После смерти этого человека, ввиду того, что обвинение не было доказано, судьи решили, что нет достаточных оснований для того, чтобы подвергать пытке сыновей Ченчи или обеих женщин. Их перевели, всех четверых, в замок Святого Ангела, где они прожили спокойно несколько месяцев.
Казалось, опасность миновала, и никто в Риме больше не сомневался, что прекрасная и столь мужественная девушка, внушавшая всем сочувствие к себе, будет вскоре выпущена на свободу, когда, по несчастью, в руки судебных властей попал бандит, который убил в Терни Олимпио. Привезенный в Рим, этот человек во всем сознался.
Монсиньор Гверра, скомпрометированный признанием бандита, был немедленно вызван в суд. Ему не избежать было тюрьмы, а также, весьма вероятно, и смертной казни. Но этот удивительный человек, который во всех своих делах пользовался особым покровительством судьбы, спасся почти чудом. Он считался первым красавцем при папском дворе и был слишком хорошо известен в Риме, чтобы незаметно скрыться; к тому же у всех застав города была поставлена усиленная охрана, а дом его с момента вызова в суд, несомненно, все время находился под наблюдением. Надо сказать, что он был высок ростом, отличался белизной кожи и имел красивую белокурую бородку и прекрасные волосы того же цвета.

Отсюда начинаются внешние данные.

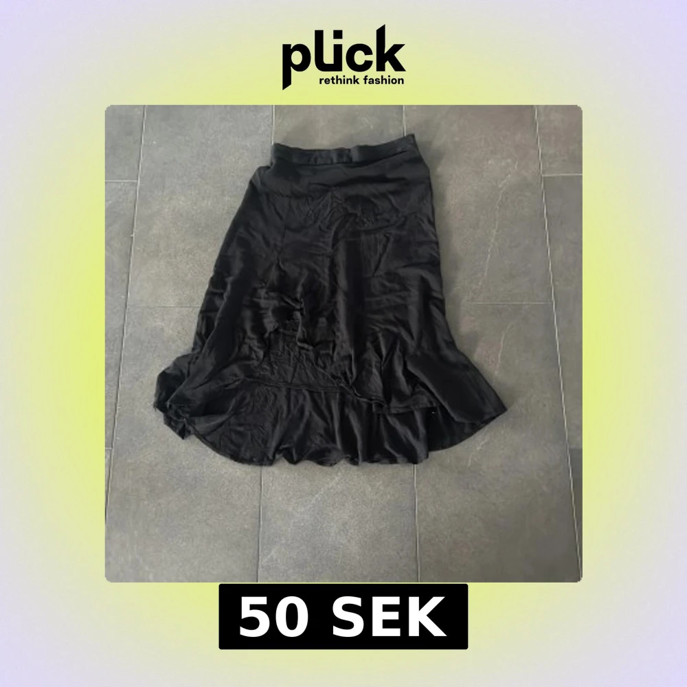 Svart långkjol från Amisu i storlek 36. Kjolen har en lätt glansig yta, volang nertill och resår i midjan för skön passform!❤️
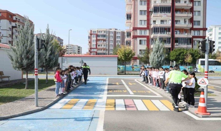 Diyarbakır’da ilkokul öğrencilerine trafik konusundaki farkındalığın geliştirilmesi amacıyla uygulamalı trafik eğitim verildi.

С непостижимой быстротой он сговорился с каким-то угольщиком, переоделся в его платье, сбрил свои кудри и бороду, вымазал лицо сажей, купил пару ослов и стал, прихрамывая, ходить по улицам Рима, продавая уголь. Он весьма искусно изображал грубого и глуповатого человека; набив себе рот хлебом и луком, он выкрикивал в разных частях города свой товар, в то время как сотни сбиров искали его не только в Риме, но и по всем дорогам. Наконец, когда лицо его примелькалось большинству сбиров, он решился выйти из Рима, все еще погоняя двух ослов, нагруженных углем. Он повстречал несколько отрядов сбиров, которым и в голову не пришло его арестовать. После этого от него получено только одно письмо; мать послала ему в Марсель денег, и здесь, полагают, что он вступил в войска и сейчас сражается где-нибудь во Франции.
Признание убийцы из Терни и бегство монсиньора Гверры, повергнувшие весь Рим в изумление, настолько усилили подозрение и даже улики против Ченчи, что из замка Святого Ангела их перевели снова в тюрьму Савелла.
Оба брата, подвергнутые пытке, не обнаружили того величия духа, какое проявил разбойник Марцио; они малодушно сознались во всем. Синьора Лукреция Петрони, привыкшая к удобствам и роскоши и будучи к тому же по своему сложению довольно тучной, не могла вынести пытки на дыбе и рассказала все, что ей было известно.
Совсем иначе держалась Беатриче Ченчи, поразившая всех силой характера и твердостью духа. Ни уговоры, ни угрозы судьи Москатти не достигли своей цели. Она вынесла пытку на дыбе с неслыханным мужеством, не проявив ни малейшей слабости. Судьям ни разу не удалось вырвать у нее показание, которое хотя бы в малейшей степени компрометировало ее; более того, своими остроумными ответами она часто приводила в замешательство знаменитого Улисса Москатти, который вел допрос. Он был настолько удивлен поведением молодой девушки, что счел необходимым довести об этом до сведения его святейшества папы Климента VIII, ныне благополучно правящего.
Его святейшество заинтересовался процессом и затребовал к себе все дело. Он заподозрил Улисса Москатти, столь знаменитого своими глубокими познаниями и редкой проницательностью ума, в том, что тот подпал под обаяние красоты Беатриче и щадит ее при допросах. Следствием было то, что его святейшество передал дело в руки другого, более строгого судьи. Действительно, этот варвар предал прекрасное тело пытке ad torturam capillarum (то есть Беатриче Ченчи допрашивали, подвесив ее за волосы)[17].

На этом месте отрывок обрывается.